*** Data for analysis Section Begins ***
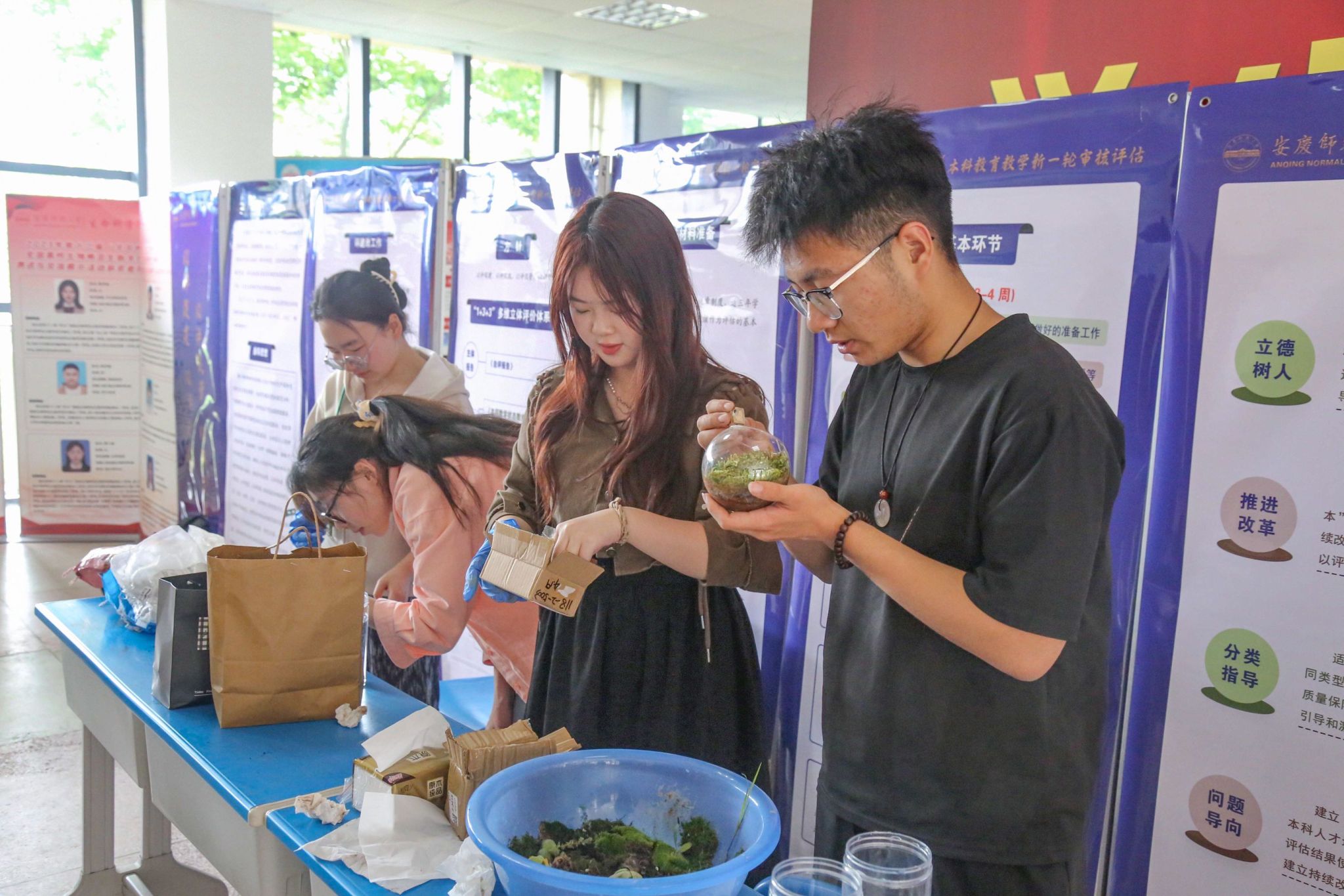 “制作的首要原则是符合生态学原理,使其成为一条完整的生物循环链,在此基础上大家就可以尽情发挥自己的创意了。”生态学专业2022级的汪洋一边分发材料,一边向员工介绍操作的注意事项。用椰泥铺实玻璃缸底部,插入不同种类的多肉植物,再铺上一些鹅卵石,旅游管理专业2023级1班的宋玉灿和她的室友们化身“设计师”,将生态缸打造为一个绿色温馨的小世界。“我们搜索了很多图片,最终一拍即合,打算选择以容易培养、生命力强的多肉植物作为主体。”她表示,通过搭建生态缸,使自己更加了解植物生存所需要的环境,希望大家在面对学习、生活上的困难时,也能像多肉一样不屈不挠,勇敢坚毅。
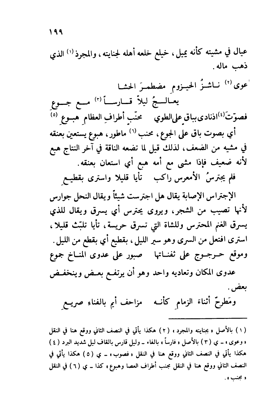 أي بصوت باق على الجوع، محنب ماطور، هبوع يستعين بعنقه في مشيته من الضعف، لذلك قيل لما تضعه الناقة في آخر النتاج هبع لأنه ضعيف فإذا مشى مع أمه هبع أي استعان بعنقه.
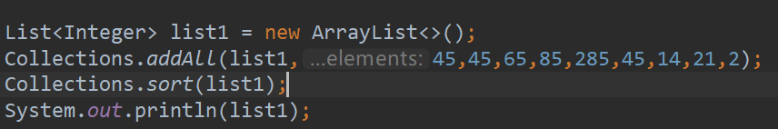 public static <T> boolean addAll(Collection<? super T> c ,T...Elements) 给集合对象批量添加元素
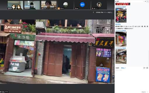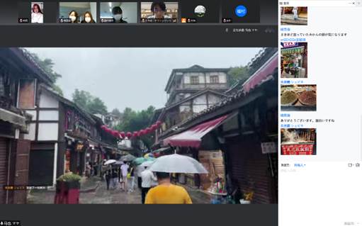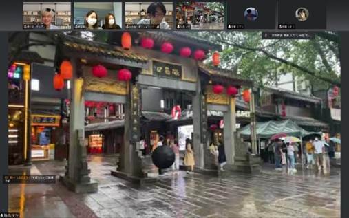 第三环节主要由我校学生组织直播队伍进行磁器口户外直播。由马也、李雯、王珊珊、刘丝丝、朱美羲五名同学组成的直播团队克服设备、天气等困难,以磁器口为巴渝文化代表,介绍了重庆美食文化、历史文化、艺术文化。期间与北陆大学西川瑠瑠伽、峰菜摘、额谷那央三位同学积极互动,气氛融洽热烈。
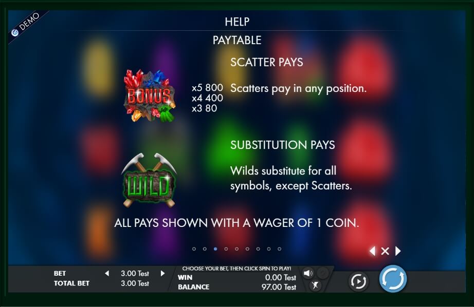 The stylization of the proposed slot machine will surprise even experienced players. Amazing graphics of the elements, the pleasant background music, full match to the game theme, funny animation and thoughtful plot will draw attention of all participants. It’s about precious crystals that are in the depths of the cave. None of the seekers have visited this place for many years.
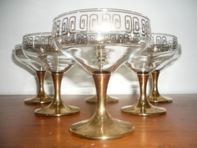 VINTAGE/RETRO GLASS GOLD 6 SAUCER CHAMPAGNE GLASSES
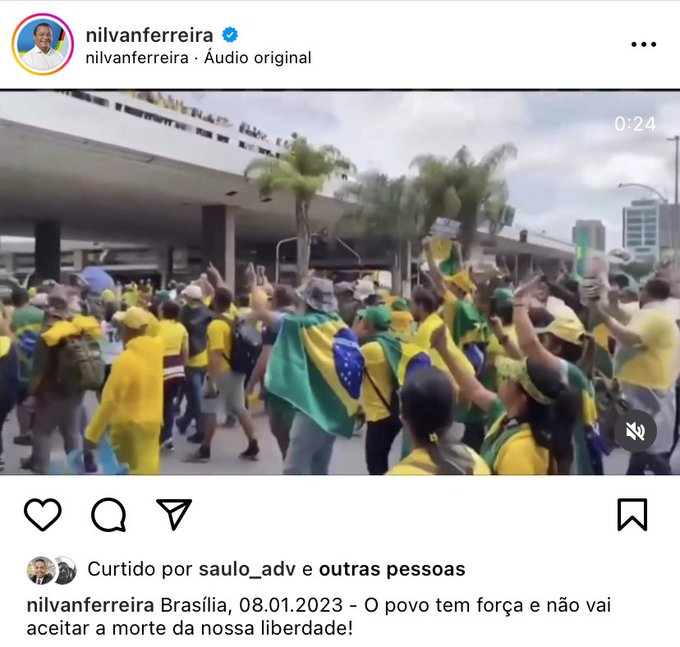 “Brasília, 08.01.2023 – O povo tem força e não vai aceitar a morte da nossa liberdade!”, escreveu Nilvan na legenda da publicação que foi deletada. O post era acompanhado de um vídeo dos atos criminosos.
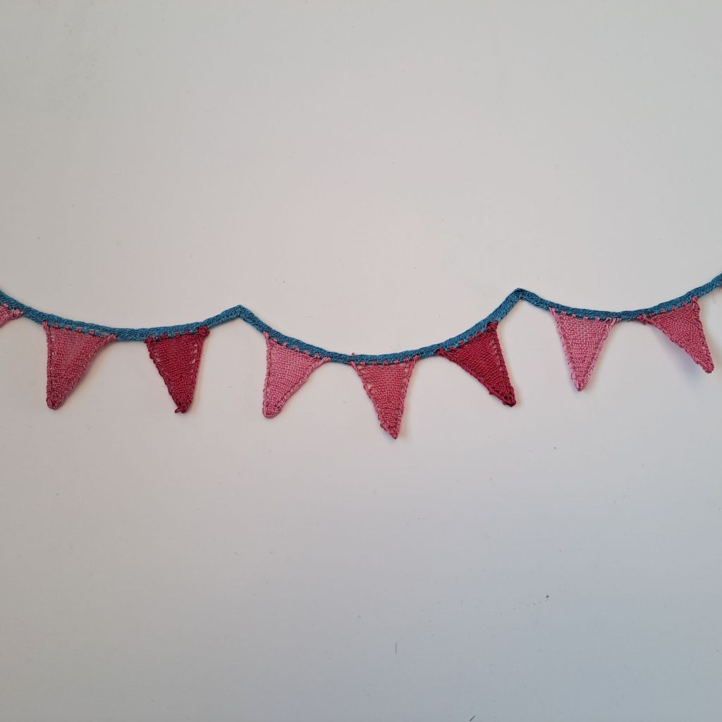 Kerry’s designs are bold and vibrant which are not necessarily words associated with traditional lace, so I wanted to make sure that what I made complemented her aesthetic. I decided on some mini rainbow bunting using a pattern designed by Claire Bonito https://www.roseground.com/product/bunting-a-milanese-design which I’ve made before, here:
*** Data for analysis Section Ends ***
*** Data for analysis Section Begins ***
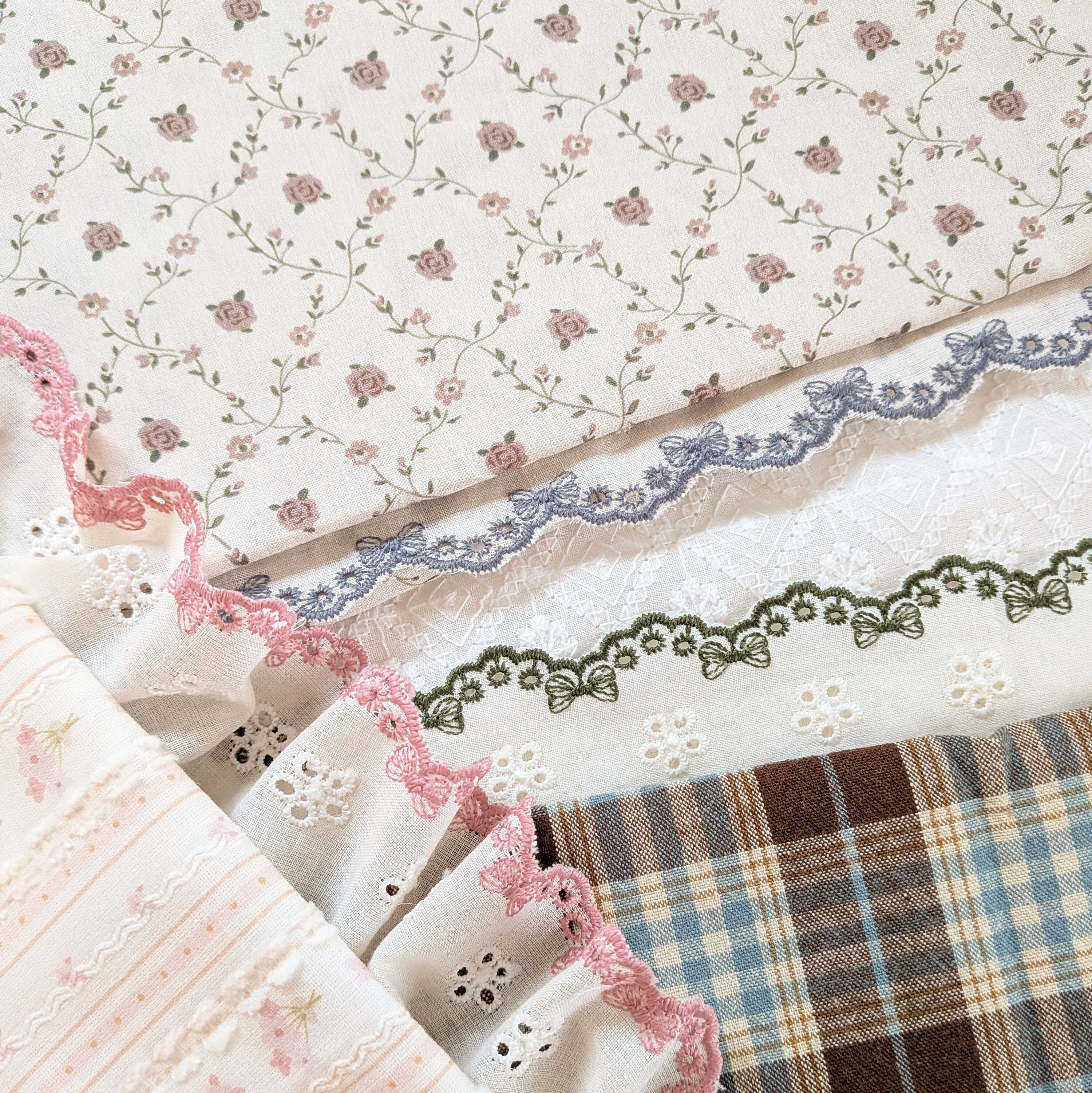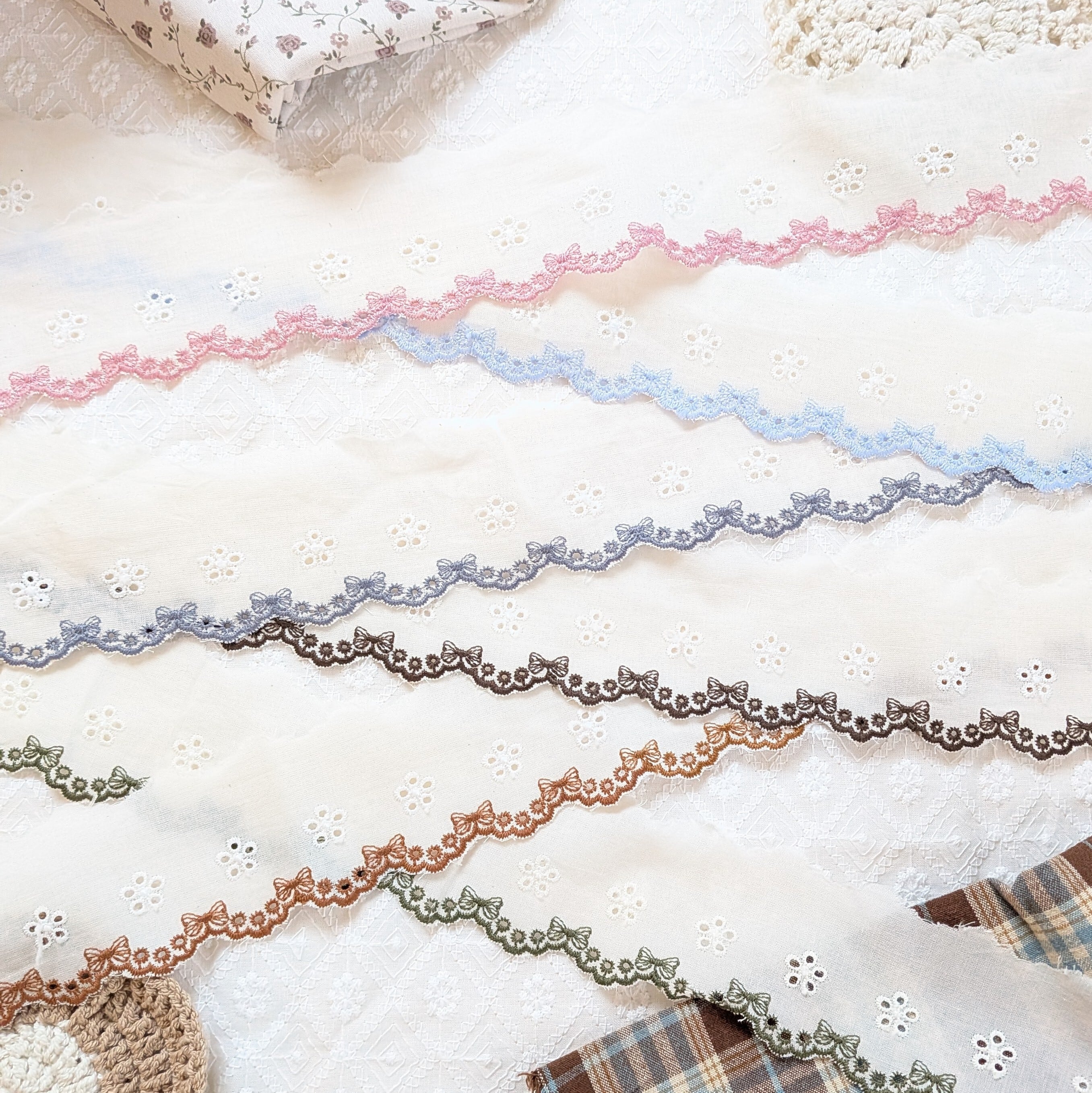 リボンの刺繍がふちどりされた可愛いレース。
*** Data for analysis Section Ends ***
*** Data for analysis Section Begins ***
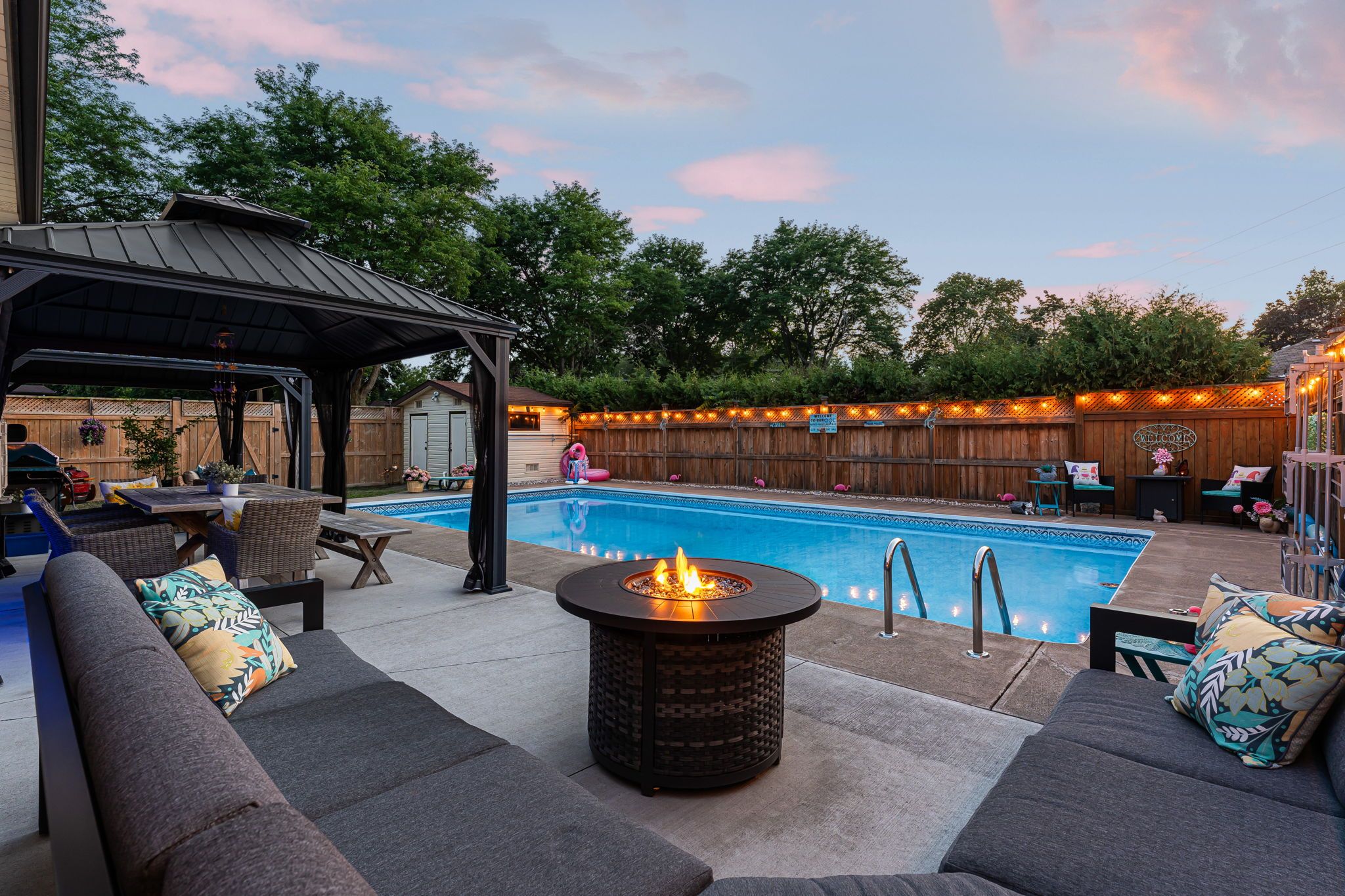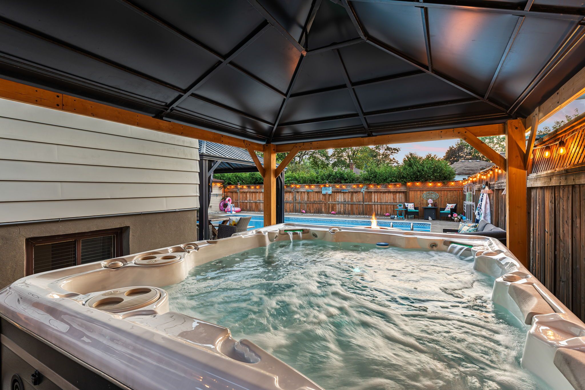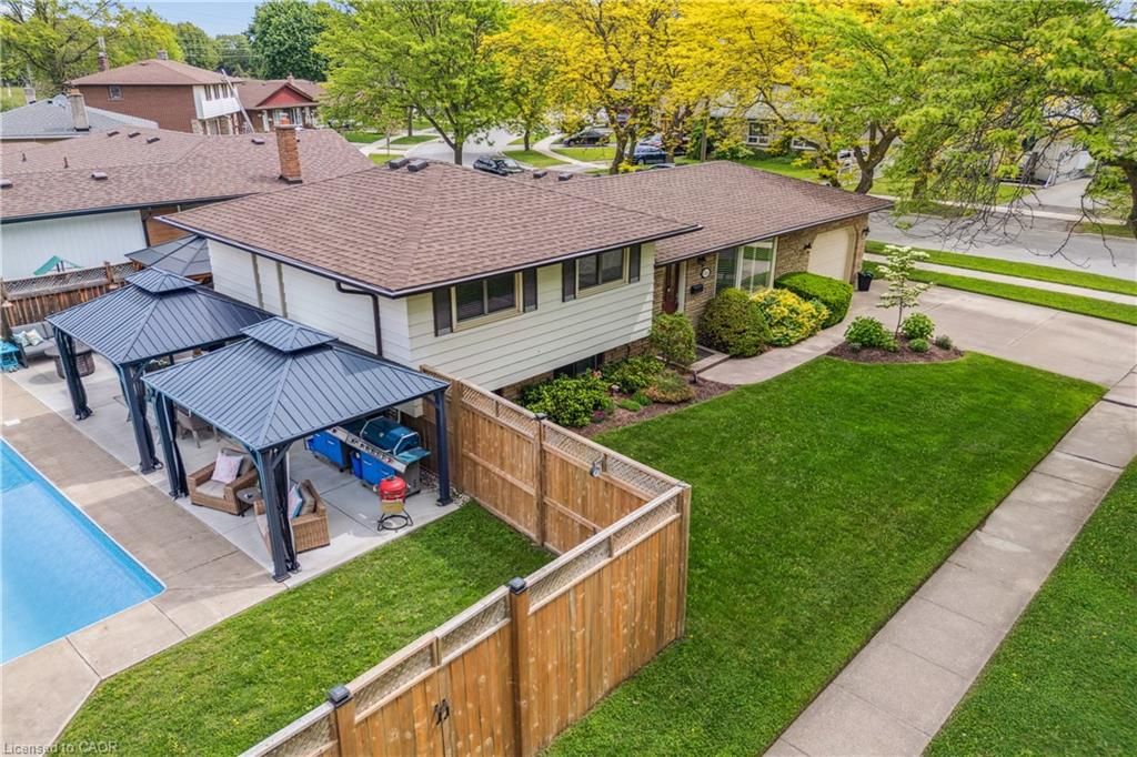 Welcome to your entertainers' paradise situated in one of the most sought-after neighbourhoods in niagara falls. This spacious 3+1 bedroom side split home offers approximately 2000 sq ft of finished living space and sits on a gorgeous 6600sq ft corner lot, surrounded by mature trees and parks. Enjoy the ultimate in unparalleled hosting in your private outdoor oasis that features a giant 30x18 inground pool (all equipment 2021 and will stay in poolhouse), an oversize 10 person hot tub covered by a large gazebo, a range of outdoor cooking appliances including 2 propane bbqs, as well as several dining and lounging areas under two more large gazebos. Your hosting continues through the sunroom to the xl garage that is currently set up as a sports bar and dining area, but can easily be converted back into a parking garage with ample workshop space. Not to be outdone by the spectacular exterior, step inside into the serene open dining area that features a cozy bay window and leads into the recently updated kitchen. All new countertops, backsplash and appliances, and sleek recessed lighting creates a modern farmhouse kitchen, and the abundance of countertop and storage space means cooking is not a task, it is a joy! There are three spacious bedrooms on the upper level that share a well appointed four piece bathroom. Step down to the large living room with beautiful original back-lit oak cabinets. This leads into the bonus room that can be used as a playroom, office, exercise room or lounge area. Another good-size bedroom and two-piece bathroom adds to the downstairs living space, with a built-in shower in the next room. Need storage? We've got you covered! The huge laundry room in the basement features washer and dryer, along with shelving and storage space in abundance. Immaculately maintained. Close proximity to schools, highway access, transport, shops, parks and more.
*** Data for analysis Section Ends ***
### Task statement
Exercise for the records above: copy only the lines from the one with "public static <T>" to the one with "第三环节主要由我校学生组织直", both ends kept, and drop the pictures.

### Result of the exercise
 public static <T> boolean addAll(Collection<? super T> c ,T...Elements) 给集合对象批量添加元素
 第三环节主要由我校学生组织直播队伍进行磁器口户外直播。由马也、李雯、王珊珊、刘丝丝、朱美羲五名同学组成的直播团队克服设备、天气等困难,以磁器口为巴渝文化代表,介绍了重庆美食文化、历史文化、艺术文化。期间与北陆大学西川瑠瑠伽、峰菜摘、额谷那央三位同学积极互动,气氛融洽热烈。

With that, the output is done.